A más de cuatro años del inicio del conflicto en Ucrania, la población rusa enfrenta dificultades económicas y restricciones en internet, lo que ha generado críticas hacia el gobierno de Vladimir Putin, aunque sin representar una amenaza inmediata para su liderazgo.
El descontento en Rusia aumenta a medida que la guerra en Ucrania supera los cuatro años y las sanciones económicas de Europa y Estados Unidos impactan en la vida cotidiana. Las críticas al gobierno y a las políticas de Vladimir Putin se multiplican en redes sociales, donde algunos influencers y partidarios del oficialismo han sugerido la posibilidad de una revuelta.
Si bien esta disidencia, por ahora moderada, no representa un peligro inminente para el poder de Putin, analistas señalan que implica un desafío creciente para el Kremlin. “Cada vez hay que dedicar más esfuerzos a mantener el statu quo”, escribió Mark Galeotti, experto en política rusa.
Un video de 19 minutos de la bloguera rusa Victoria Bonya, que vive en el extranjero, acumuló 31 millones de visualizaciones en Instagram. En él, Bonya expresó su apoyo a Putin pero afirmó que la población y los funcionarios tienen miedo de decirle la verdad sobre problemas como la gestión de inundaciones, el sacrificio de ganado, las restricciones de internet y las dificultades de los pequeños negocios.

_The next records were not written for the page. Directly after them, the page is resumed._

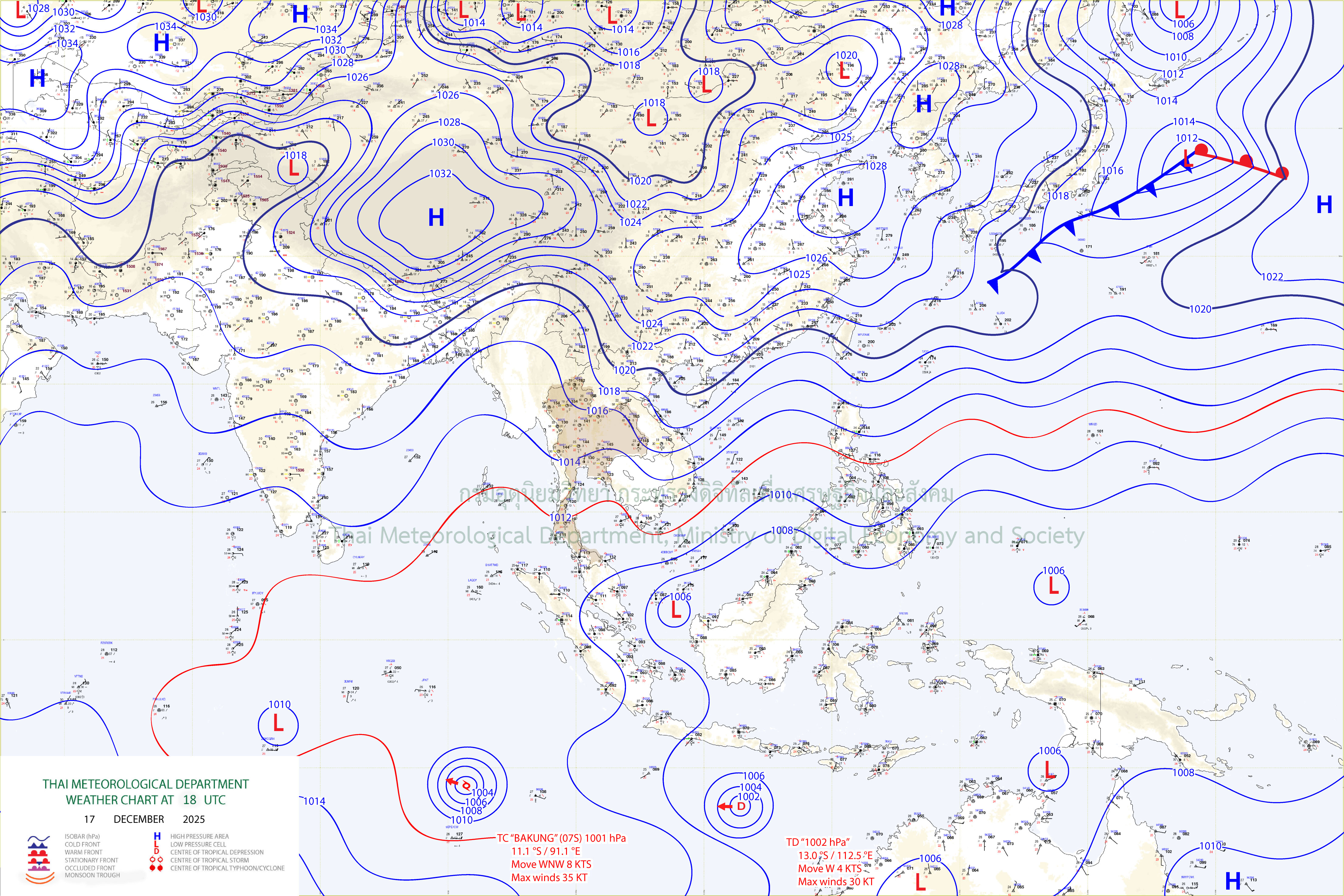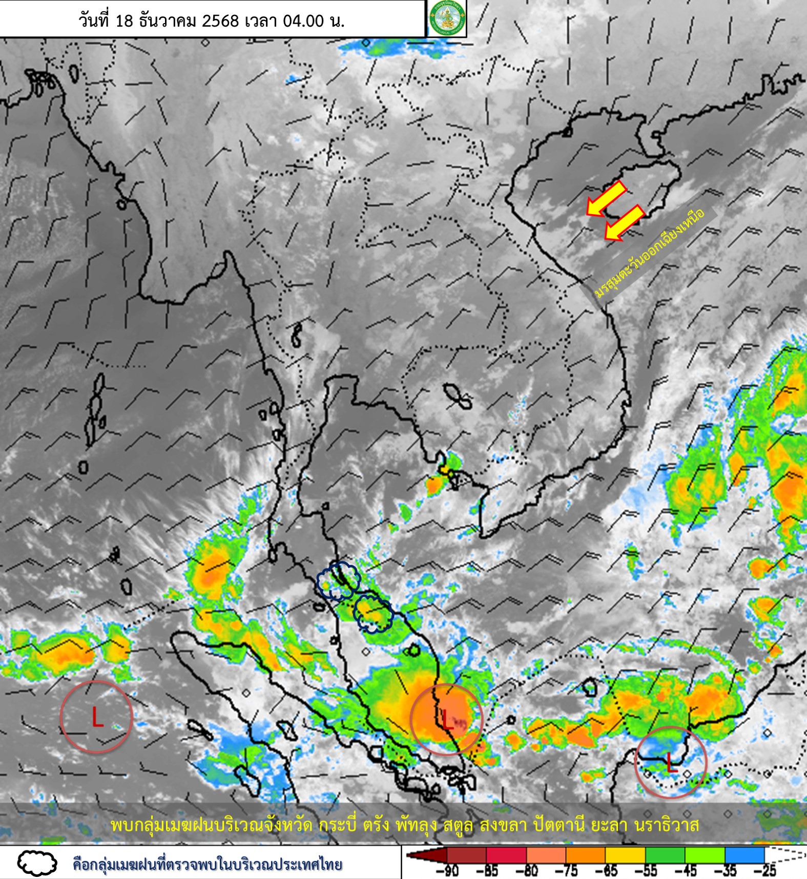 ลักษณะอากาศทั่วไป : พยากรณ์อากาศ 24 ชั่วโมงข้างหน้า ประเทศไทยตอนบนมีอากาศเย็นถึงหนาวในตอนเช้า และอุณหภูมิจะลดลง 1-3 องศาเซลซียส โดยมีฝนเกิดขึ้นได้บางพื้นที่ ในภาคเหนือตอนบนและภาคตะวันออกเฉียงเหนือตอนบน เนื่องจากบริเวณความกดอากาศสูงหรือมวลอากาศเย็นยังคงปกคลุมประเทศไทยตอนบน ในขณะที่คลื่นกระแสลมฝ่ายตะวันตกจากประเทศเมียนมาเคลื่อนเข้าปกคลุมภาคเหนือและประเทศลาวตอนบน ขอให้ประชาชนในบริเวณดังกล่าวดูแลรักษาสุขภาพเนื่องจากสภาพอากาศที่เปลี่ยนแปลง ส่วนเกษตรกรในภาคเหนือควรเตรียมการป้องกันและระวังความเสียหายที่อาจจะเกิดต่อผลผลิตทางการเกษตร สำหรับภาคใต้มีฝนลดลง แต่ยังคงมีฝนตกหนักบางแห่งบริเวณจังหวัดสงขลา ปัตตานี ยะลา และนราธิวาส เนื่องจากมรสุมตะวันออกเฉียงเหนือที่พัดปกคลุมอ่าวไทย ภาคใต้ และทะเลอันดามันมีกำลังปานกลาง ขอให้ประชาชนบริเวณภาคใต้ตอนล่างระวังอันตรายจากฝนตกหนักและฝนที่ตกสะสม ซึ่งอาจทำให้เกิดน้ำท่วมฉับพลันและน้ำป่าไหลหลาก โดยเฉพาะพื้นที่ลาดเชิงเขาใกล้ทางน้ำไหลผ่านและพื้นที่ลุ่ม ส่วนคลื่นลมบริเวณอ่าวไทยและห่างฝั่งทะเลอันดามันมีกำลังปานกลาง โดยอ่าวไทยตอนล่างมีคลื่นสูงประมาณ 2 เมตร อ่าวไทยตอนบนและห่างฝั่งทะเลอันดามันมีคลื่นสูง 1-2 เมตร บริเวณที่มีฝนฟ้าคะนองคลื่นสูงมากกว่า 2 เมตร ขอให้ชาวเรือบริเวณอ่าวไทยและทะเลอันดามันเดินเรือด้วยความระมัดระวัง และหลีกเลี่ยงการเดินเรือในบริเวณที่มีฝนฟ้าคะนอง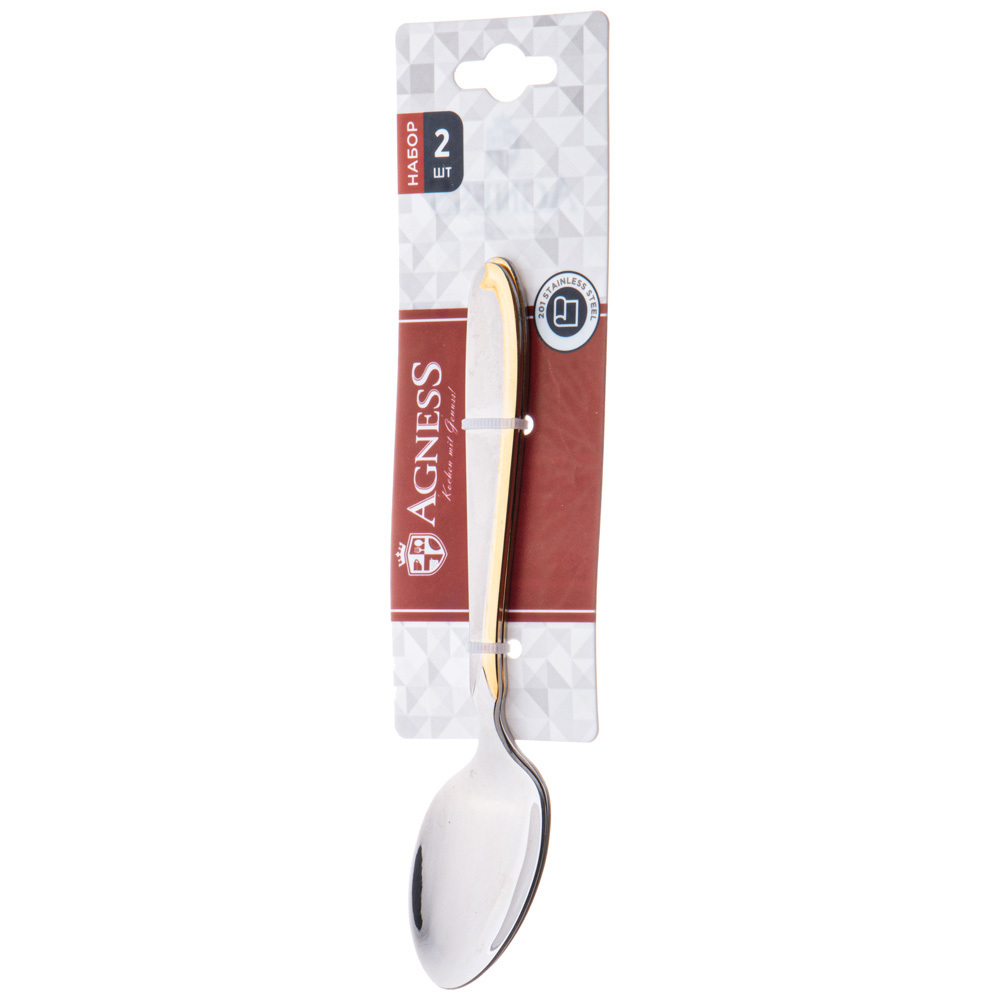 TM Agness предлагает стильные и современные предметы сервировки стола. Столовые приборы выполнены из нержавеющей стали. Изящная форма идеально подходит как для ежедневного использования, так и для сервировки праздничного стола. Продукция сертифицирована и безопасна для контакта с пищевыми продуктами. Рекомендована ручная мойка с добавлением нейтрального без абразивного моющего средства, не содержащего кислоту. Не замачивать столовые приборы. После мытья вытереть насухо.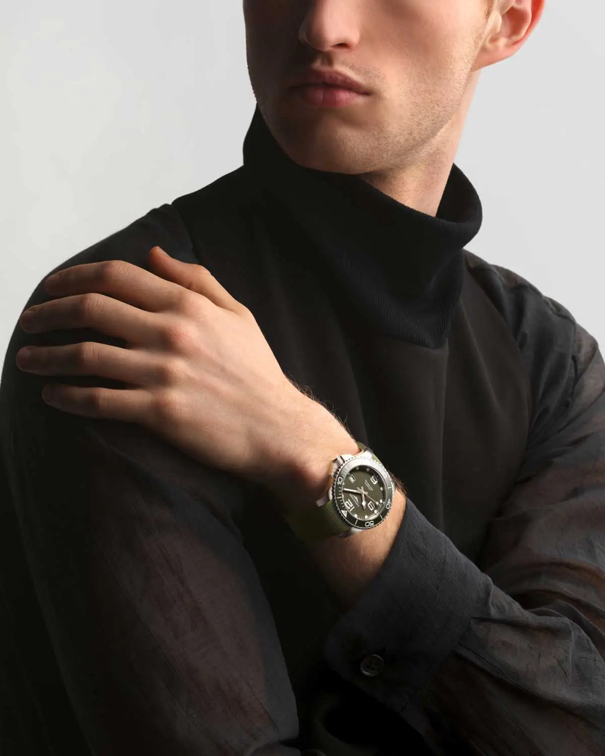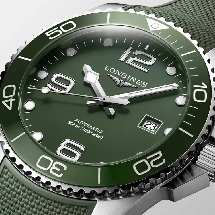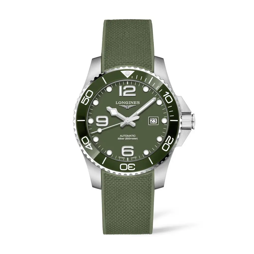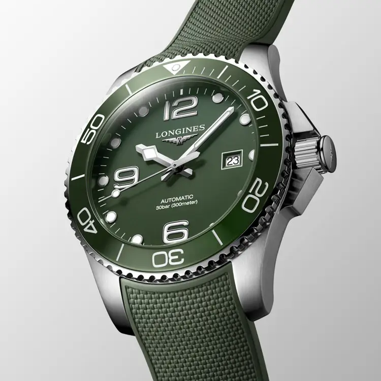 Зелёный каучуковый ремешок с раскладной застёжкой дополняет спортивный образ и обеспечивает комфорт в носке. Модель HydroConquest L3.782.4.06.9 — идеальный выбор для мужчин, ценящих высокую производительность, швейцарскую точность и современный стиль.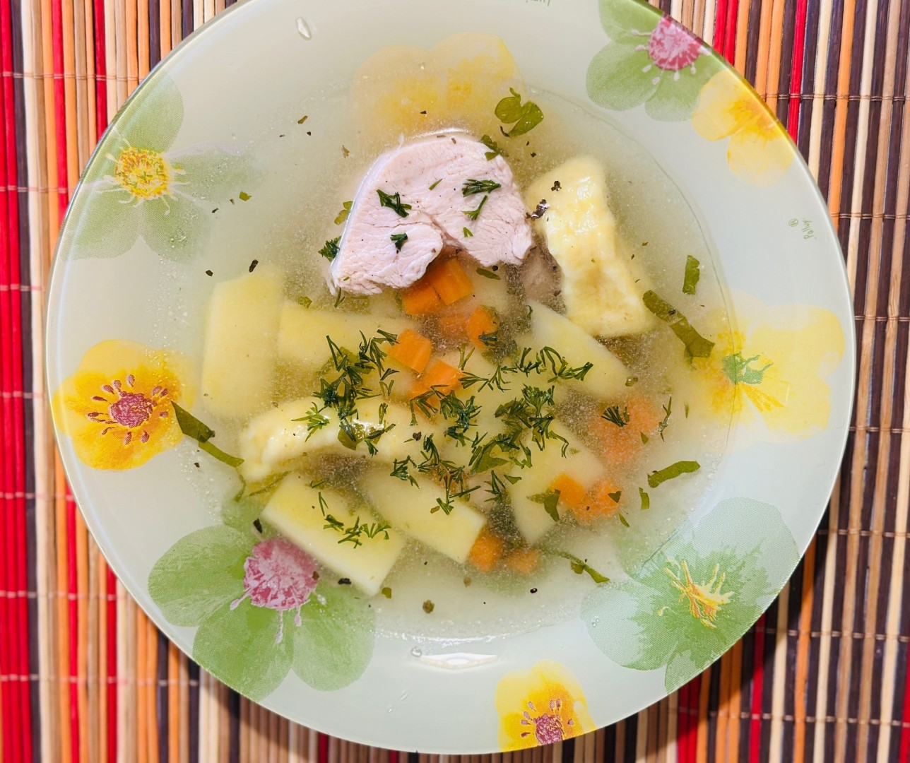 Куриный суп с галушками получился просто потрясающий! Он и сытный, и очень вкусный, и ароматный! Яркие галушки с куркумой - просто чудо! Вся семья в восторге, спасибо автору за рецепт!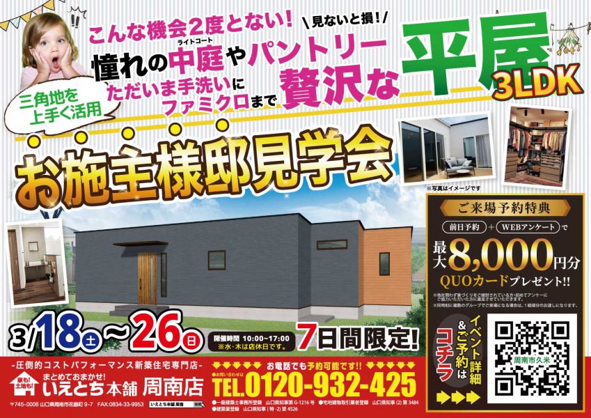 【周南市】こんな機会2度とない!見ないと損な贅沢平屋3LDK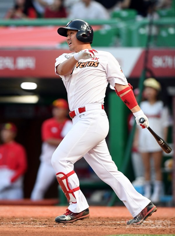 24일 인천 SK행복드림구장에서 ‘2019 신한은행 MY CAR KBO리그’ SK 와이번스와 KIA 타이거즈의 경기가 열렸다. 3회말 무사 1루에서 SK 최정이 2루타를 날리고 있다. 최정은 KBO 통산 24번째 300 2루타를 달성했다.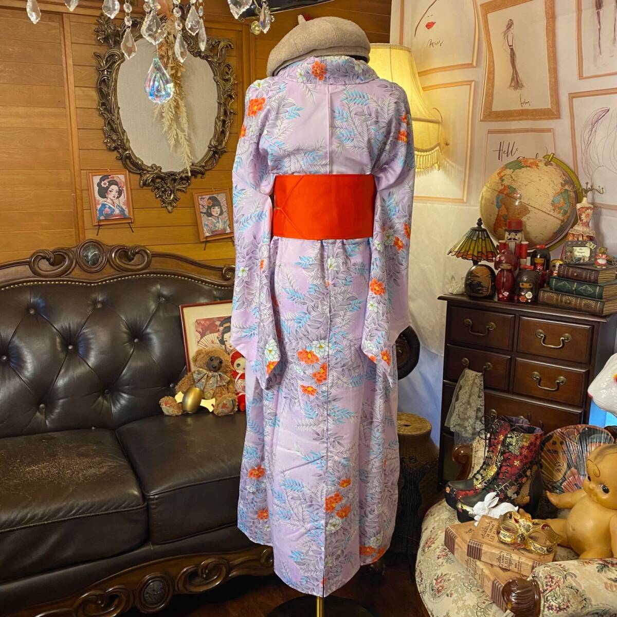 和洋折衷スタイル:伝統的な着物の華やかさと、現代的なワンピースデザインが調和。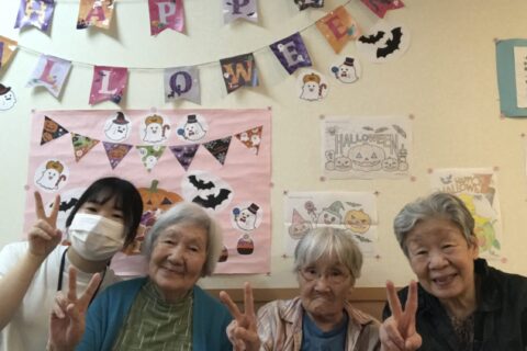 グループホーム清華苑では、10月からフロアの壁がハロウィン仕様となりました! 飾られている素敵な塗り絵はご利用者が塗ってくださっています😊🎵 「帽子の色は何がいいかな?」「あ、可愛くなった・・・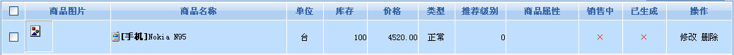 圖3,成功導入商品Nokia N95。我們看到,上圖商品的銷售中、已生成的狀態(tài)為“否”,這是因為在SF eShop 1.1 的批量上傳功能里,我們只允許商家進行商品信息添加而不可進行商品的銷售管理。要進行銷售管理,我們必須回到商品管理中,使用批量管理工具或逐個地管理商品的銷售狀態(tài)。而這個步驟我們就不截圖演示了。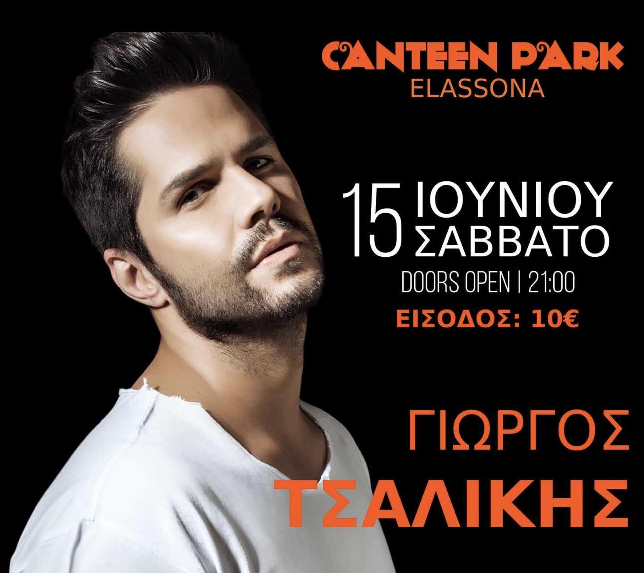 Το Σάββατο 15 Ιουνίου ο Γιώργος Τσαλίκης  στο Canteen Park (τέρμα 6ης Οκτωβρίου έναντι Lidl) στην Ελασσόνα για μια μοναδική εμφάνιση.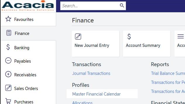 a) To activate a new financial year, go to Finance > General Ledger >Work Area > Manage and click on Financial Periods.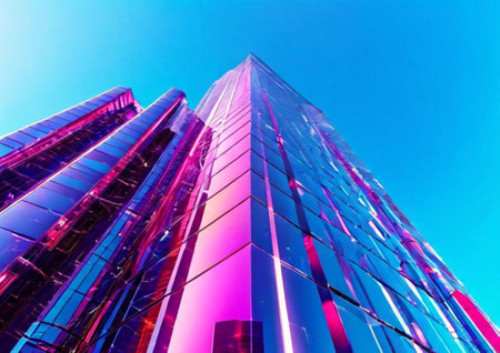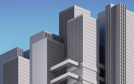 A striking capture of a modern architectural corner showcasing sleek lines and geometric precision set against a clear blue sky, embodying contemporary design aesthetics.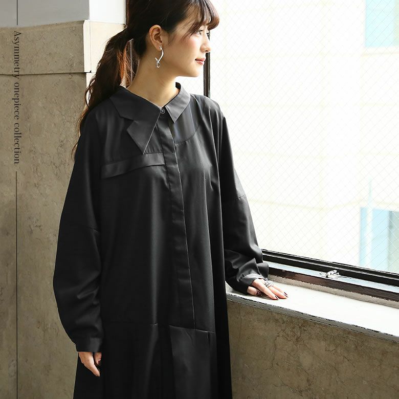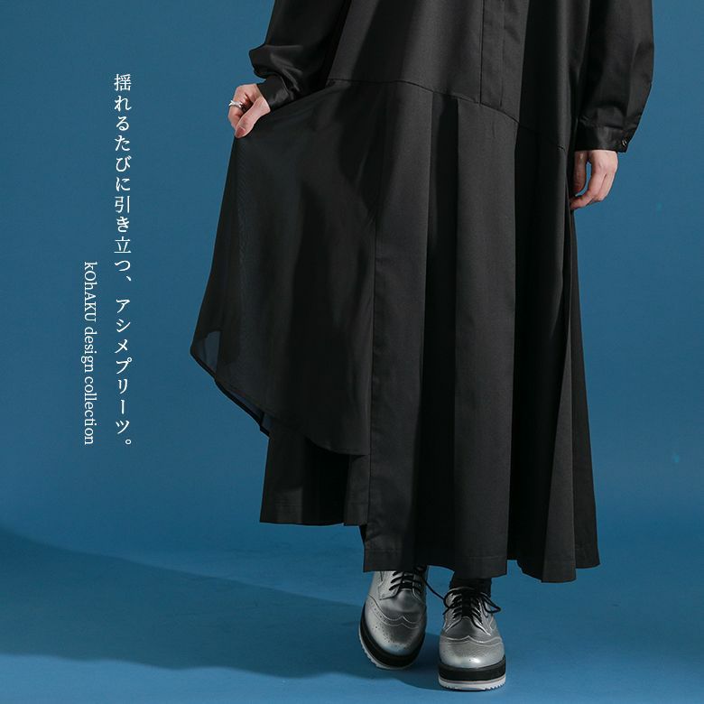 洗練された個性を創り上げる≪kOhAKU≫変形襟アシメプリーツワンピースです。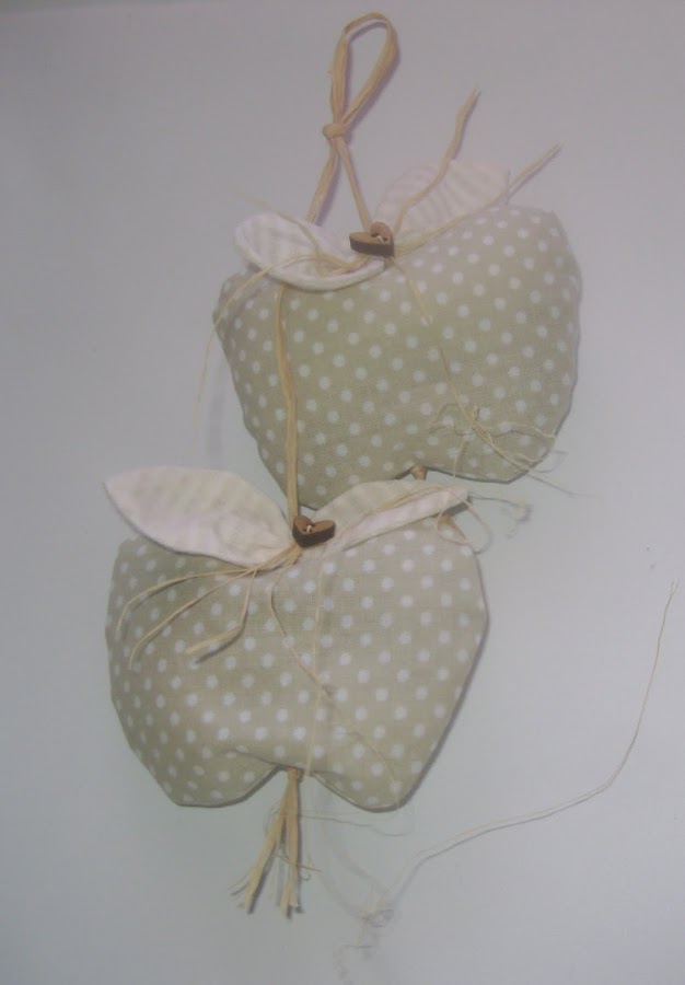 Damos vuelta y rellenamos la manzana. Puede ser lavanda o ponemos vellón sintético con unas gotas de esencia, de las que usamos para hacer jabones o sales de baño.

El portavoz del Kremlin, Dmitri Peskov, indicó que funcionarios vieron el video y que “se está trabajando mucho” en los temas mencionados. Por su parte, el líder del Partido Comunista, Guennadi Ziugánov, advirtió sobre una posible repetición de la Revolución Bolchevique si no se toman medidas.
Encuestas oficiales muestran una caída en la popularidad de Putin: la estatal VTsIOM la sitúa en 65,6%, mientras que el Centro Levada reporta un 80%. La población enfrenta apagones regulares de internet móvil, justificados por las autoridades como medida contra ataques de drones, pero criticados como un paso hacia un mayor control gubernamental.
Las restricciones incluyen el bloqueo de VPN y la promoción de una aplicación de mensajería estatal, Max, vista como herramienta de vigilancia. La frustración ha derivado en peticiones, demandas colectivas y protestas sofocadas. Putin justificó los apagones como necesarios para prevenir atentados, indicando que las medidas continuarán.